**Requirement:**
Reproduce exactly only the lines from the line that holds "建面约119平三房两厅两卫" to the line that holds "En el Centro", inclusive, in the listing below, and please leave out every picture.

**Provided records:**
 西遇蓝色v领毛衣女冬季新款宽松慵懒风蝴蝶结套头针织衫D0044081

---

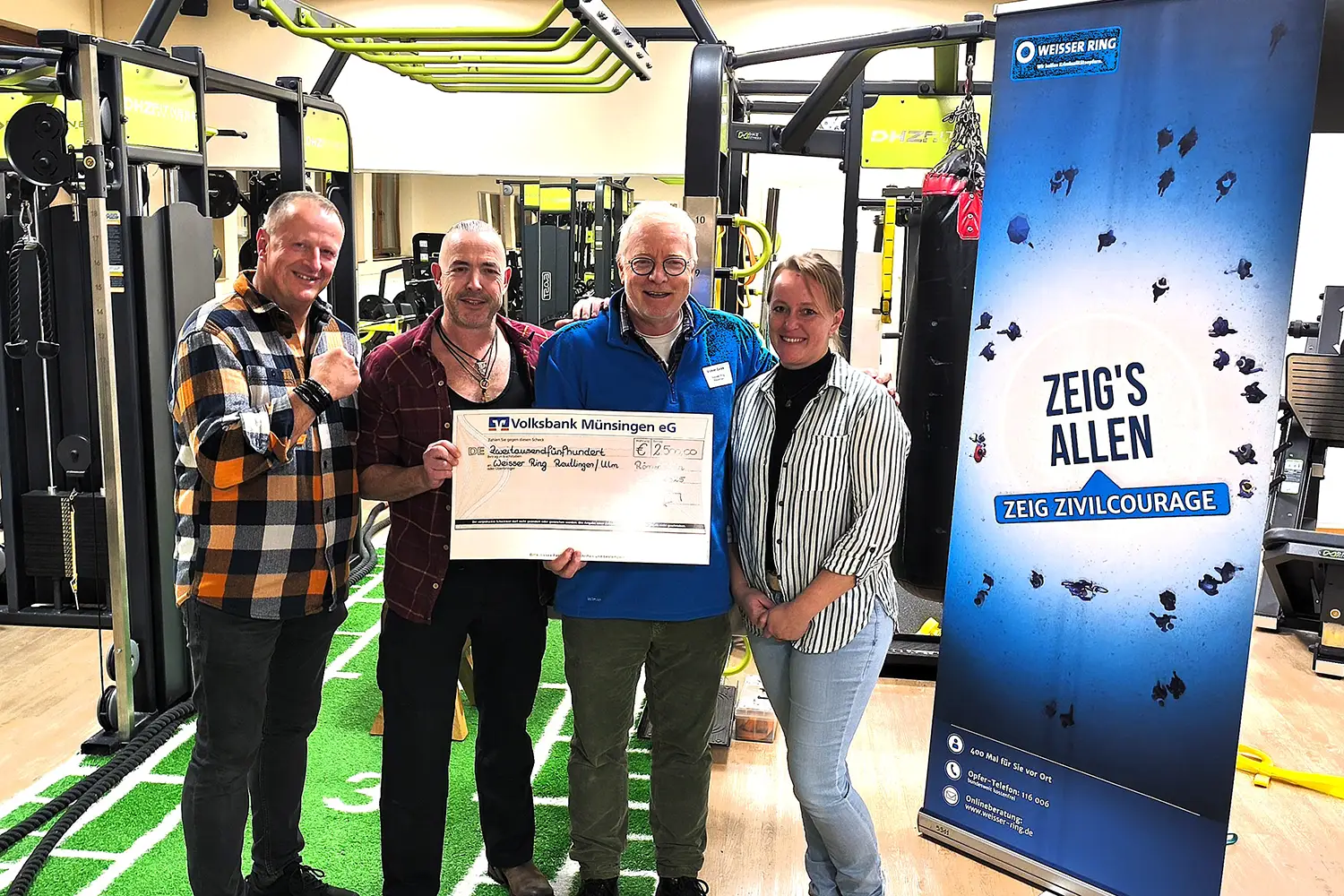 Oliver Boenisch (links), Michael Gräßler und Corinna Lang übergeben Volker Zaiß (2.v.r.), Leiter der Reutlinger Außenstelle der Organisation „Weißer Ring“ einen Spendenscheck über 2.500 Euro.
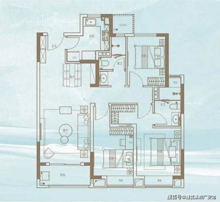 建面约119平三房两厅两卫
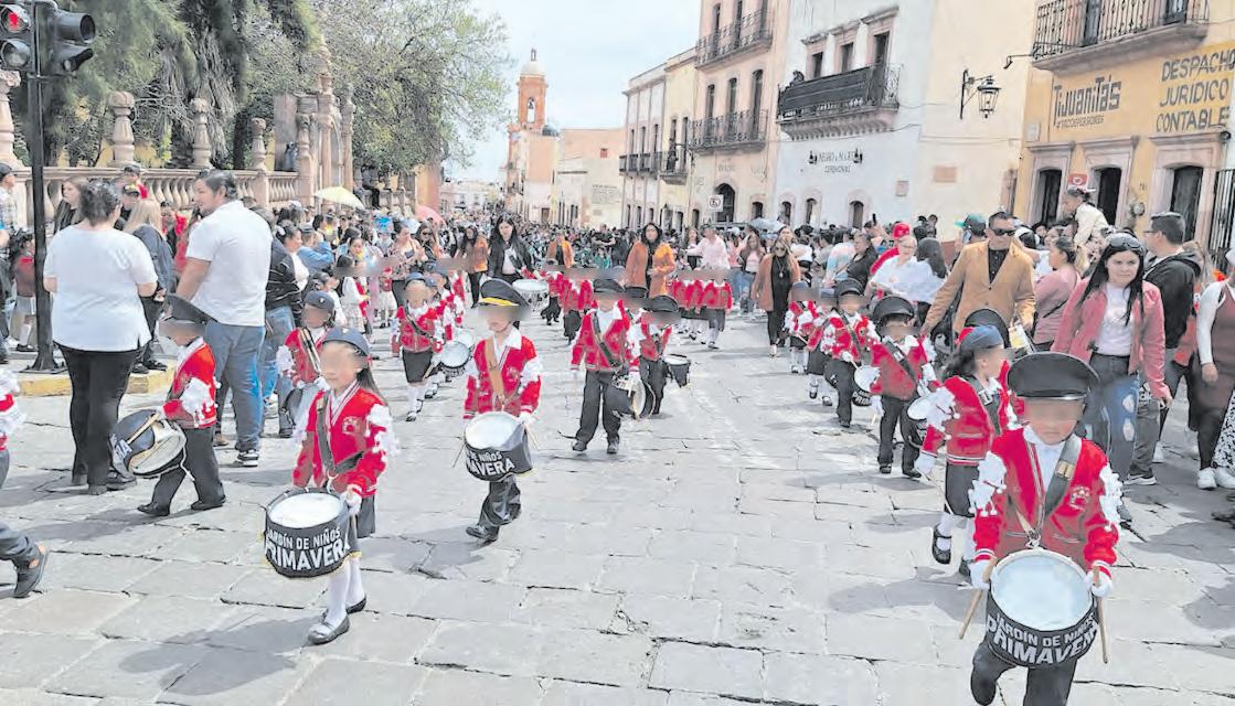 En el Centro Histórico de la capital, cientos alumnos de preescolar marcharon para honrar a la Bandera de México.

--

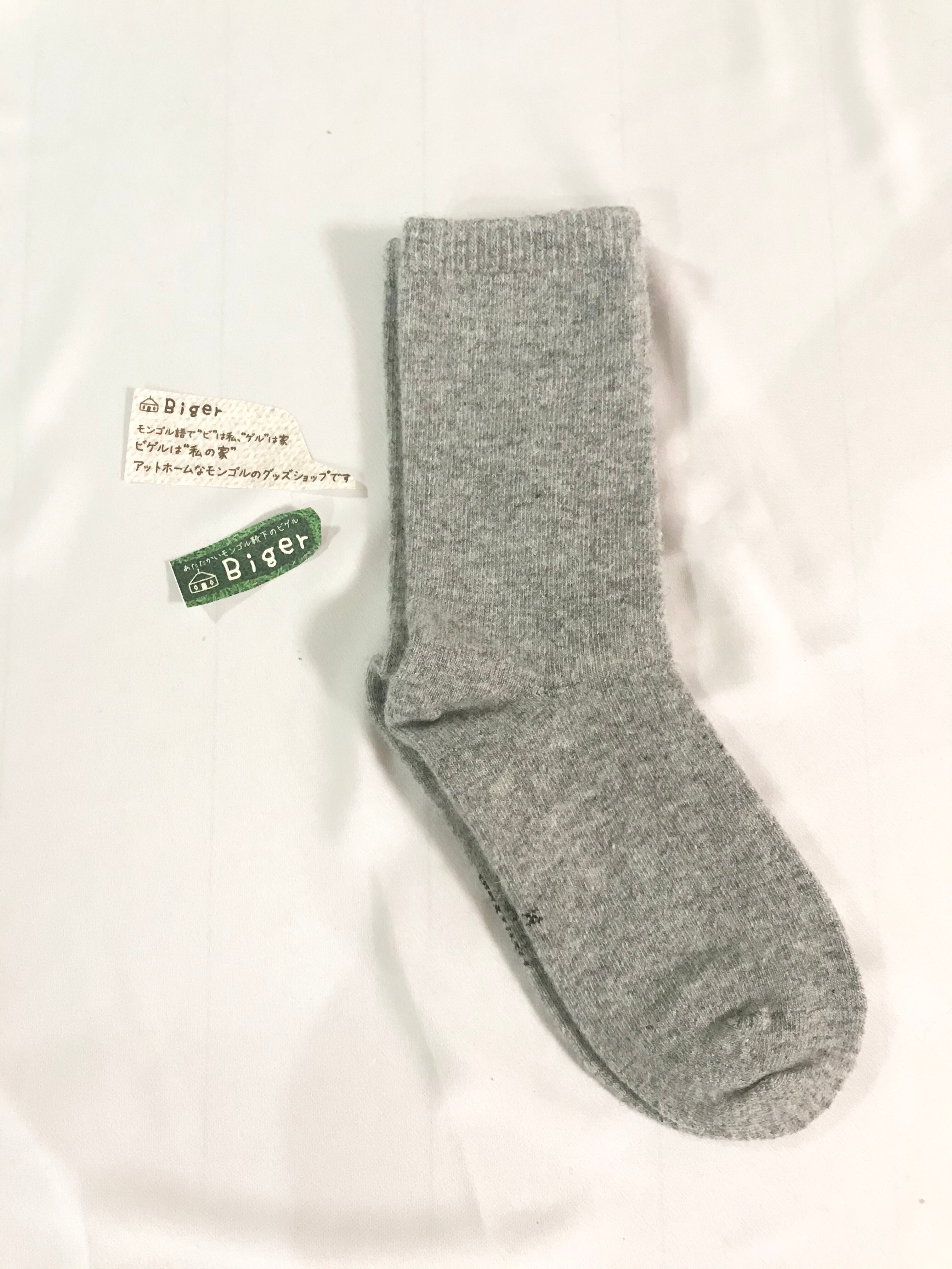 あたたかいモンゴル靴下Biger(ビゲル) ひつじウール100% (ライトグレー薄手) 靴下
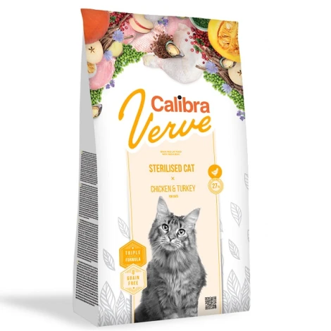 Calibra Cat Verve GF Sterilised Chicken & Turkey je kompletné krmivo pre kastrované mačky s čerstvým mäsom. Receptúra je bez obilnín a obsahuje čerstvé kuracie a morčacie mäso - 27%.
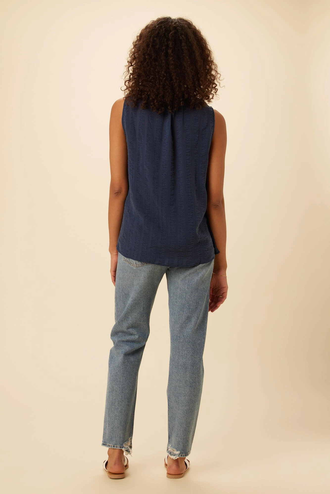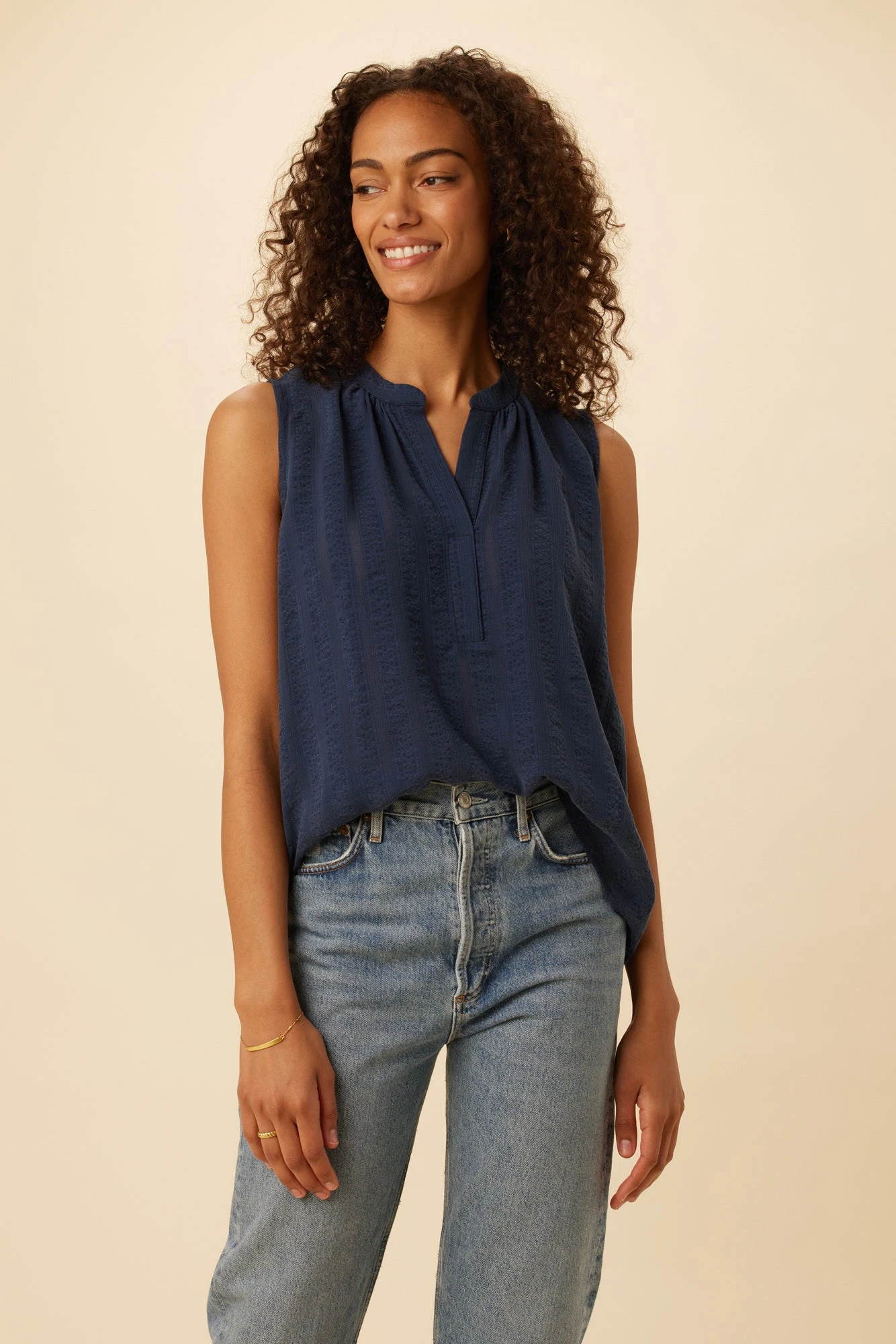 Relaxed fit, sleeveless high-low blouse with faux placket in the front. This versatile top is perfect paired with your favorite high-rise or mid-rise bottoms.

**Task answer:**
 建面约119平三房两厅两卫
 En el Centro Histórico de la capital, cientos alumnos de preescolar marcharon para honrar a la Bandera de México.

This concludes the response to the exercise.